(Beginning of Data for this exercise)

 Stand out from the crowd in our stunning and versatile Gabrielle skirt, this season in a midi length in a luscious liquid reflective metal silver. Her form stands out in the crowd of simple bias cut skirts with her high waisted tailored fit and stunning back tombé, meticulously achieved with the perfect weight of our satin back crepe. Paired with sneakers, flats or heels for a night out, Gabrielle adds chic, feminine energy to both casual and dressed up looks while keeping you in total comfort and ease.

(End of Data for this exercise)
(Beginning of Data for this exercise)

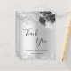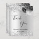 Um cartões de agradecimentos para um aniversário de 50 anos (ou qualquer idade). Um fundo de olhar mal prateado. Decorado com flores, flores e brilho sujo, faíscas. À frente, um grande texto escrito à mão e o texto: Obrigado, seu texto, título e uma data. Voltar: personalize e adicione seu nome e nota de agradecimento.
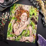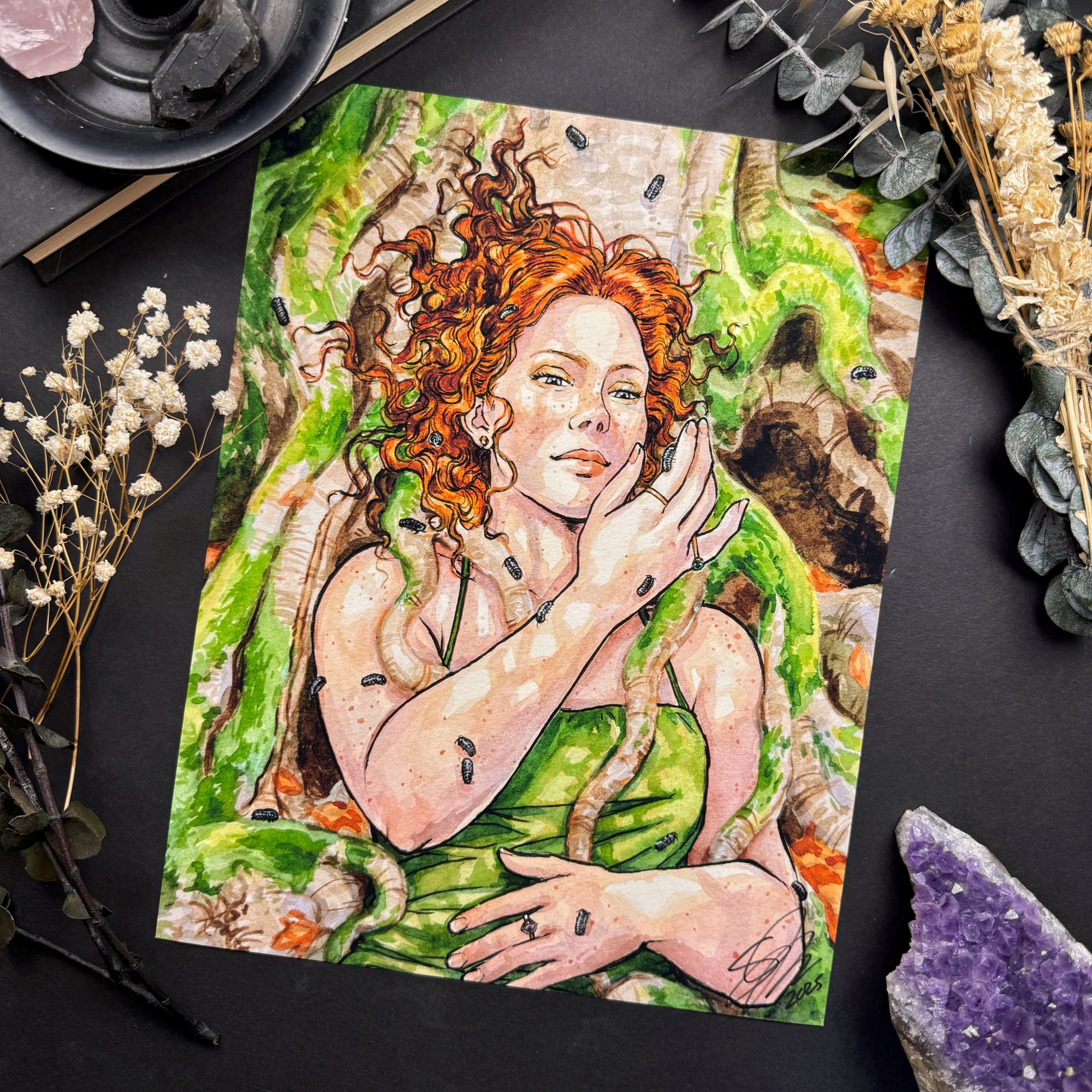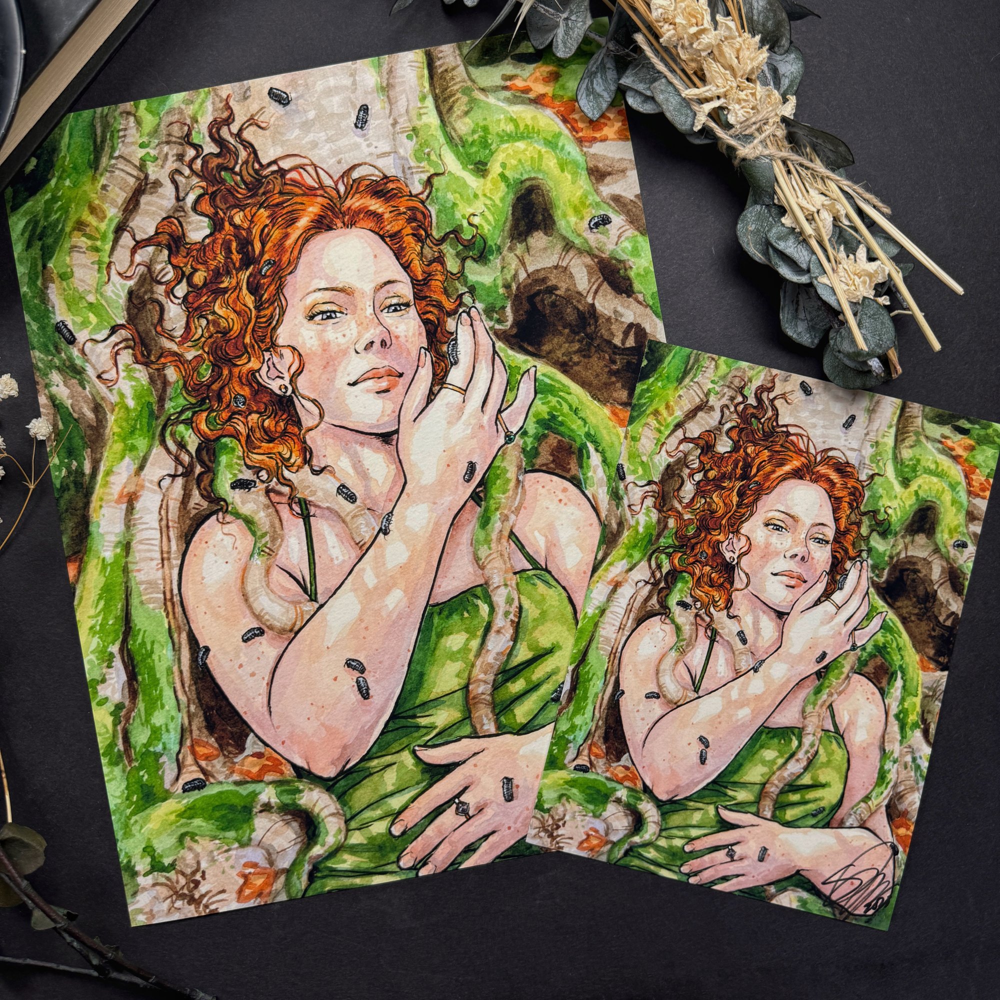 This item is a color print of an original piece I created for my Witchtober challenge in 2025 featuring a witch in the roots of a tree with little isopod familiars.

(End of Data for this exercise)

[Task to carry out] Only one stretch of the listing is wanted: the lines starting at the one with "Um cartões de" and ending at the one with "This item is", copied exactly and free of pictures.

[Output]
 Um cartões de agradecimentos para um aniversário de 50 anos (ou qualquer idade). Um fundo de olhar mal prateado. Decorado com flores, flores e brilho sujo, faíscas. À frente, um grande texto escrito à mão e o texto: Obrigado, seu texto, título e uma data. Voltar: personalize e adicione seu nome e nota de agradecimento.
 This item is a color print of an original piece I created for my Witchtober challenge in 2025 featuring a witch in the roots of a tree with little isopod familiars.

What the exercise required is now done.